Start of Block
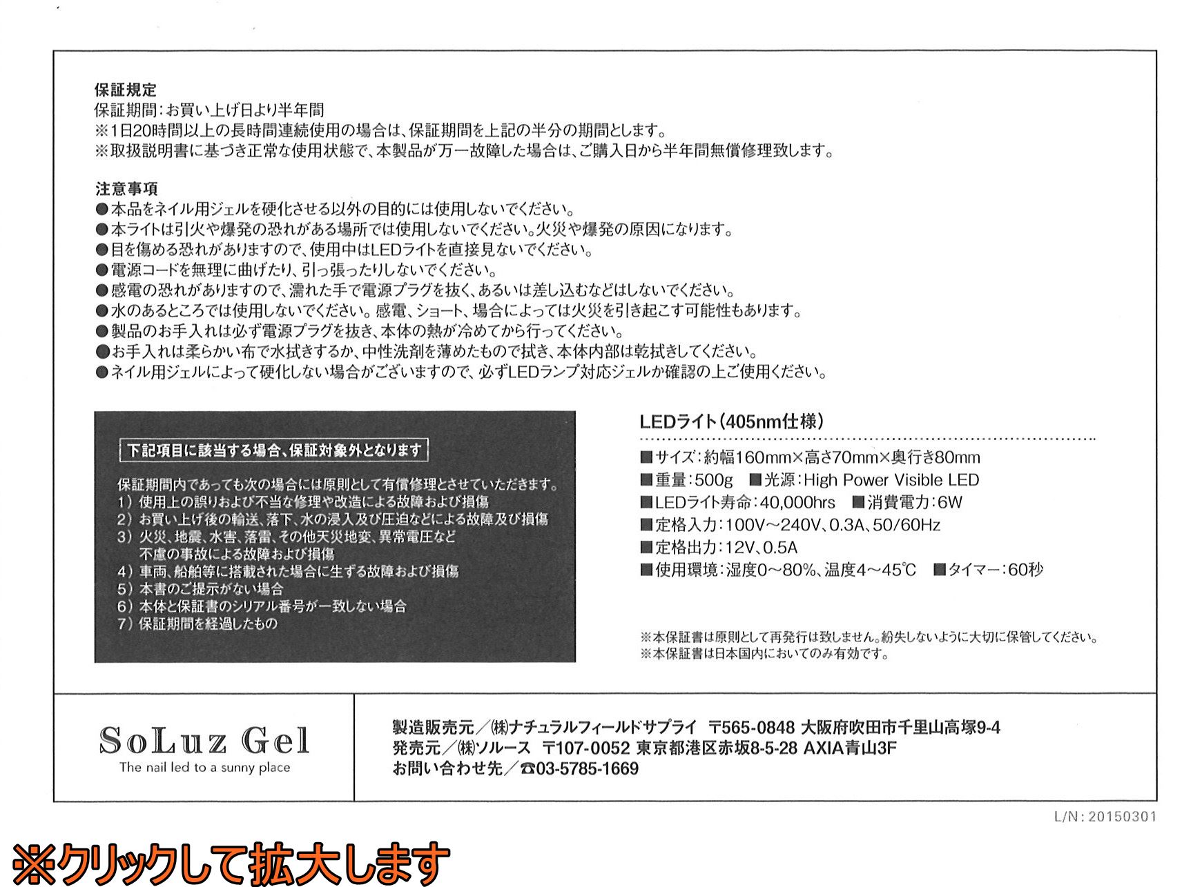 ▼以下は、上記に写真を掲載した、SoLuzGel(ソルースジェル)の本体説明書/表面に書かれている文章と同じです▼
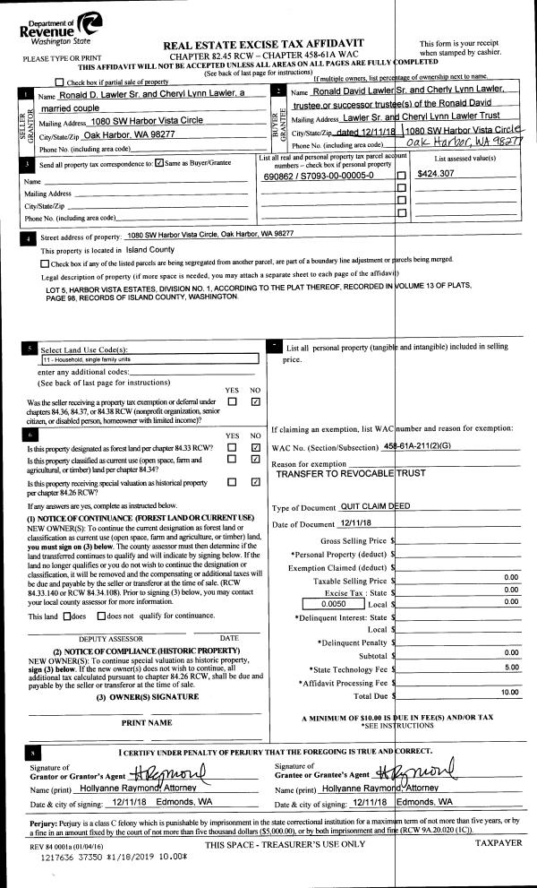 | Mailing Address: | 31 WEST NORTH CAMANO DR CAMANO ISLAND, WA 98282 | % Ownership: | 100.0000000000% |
End of Block
Start of Block
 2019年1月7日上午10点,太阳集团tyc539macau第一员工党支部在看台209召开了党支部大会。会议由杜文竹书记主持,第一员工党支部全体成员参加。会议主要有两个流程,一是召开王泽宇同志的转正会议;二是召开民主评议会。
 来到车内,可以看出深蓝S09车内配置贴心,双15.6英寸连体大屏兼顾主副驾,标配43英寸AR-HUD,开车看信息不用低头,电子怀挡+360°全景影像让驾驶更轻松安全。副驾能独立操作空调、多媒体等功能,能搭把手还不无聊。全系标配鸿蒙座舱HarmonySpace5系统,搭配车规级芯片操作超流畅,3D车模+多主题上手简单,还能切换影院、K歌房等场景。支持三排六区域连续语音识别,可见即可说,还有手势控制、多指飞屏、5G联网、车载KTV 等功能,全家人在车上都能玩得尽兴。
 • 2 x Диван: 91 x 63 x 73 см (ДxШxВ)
End of Block
With the first line being the one containing "2019年1月7日上午10点" and the last line the one containing "73 см (ДxШxВ)", transcribe exactly the lines above that fall in that range.

 2019年1月7日上午10点,太阳集团tyc539macau第一员工党支部在看台209召开了党支部大会。会议由杜文竹书记主持,第一员工党支部全体成员参加。会议主要有两个流程,一是召开王泽宇同志的转正会议;二是召开民主评议会。
 来到车内,可以看出深蓝S09车内配置贴心,双15.6英寸连体大屏兼顾主副驾,标配43英寸AR-HUD,开车看信息不用低头,电子怀挡+360°全景影像让驾驶更轻松安全。副驾能独立操作空调、多媒体等功能,能搭把手还不无聊。全系标配鸿蒙座舱HarmonySpace5系统,搭配车规级芯片操作超流畅,3D车模+多主题上手简单,还能切换影院、K歌房等场景。支持三排六区域连续语音识别,可见即可说,还有手势控制、多指飞屏、5G联网、车载KTV 等功能,全家人在车上都能玩得尽兴。
 • 2 x Диван: 91 x 63 x 73 см (ДxШxВ)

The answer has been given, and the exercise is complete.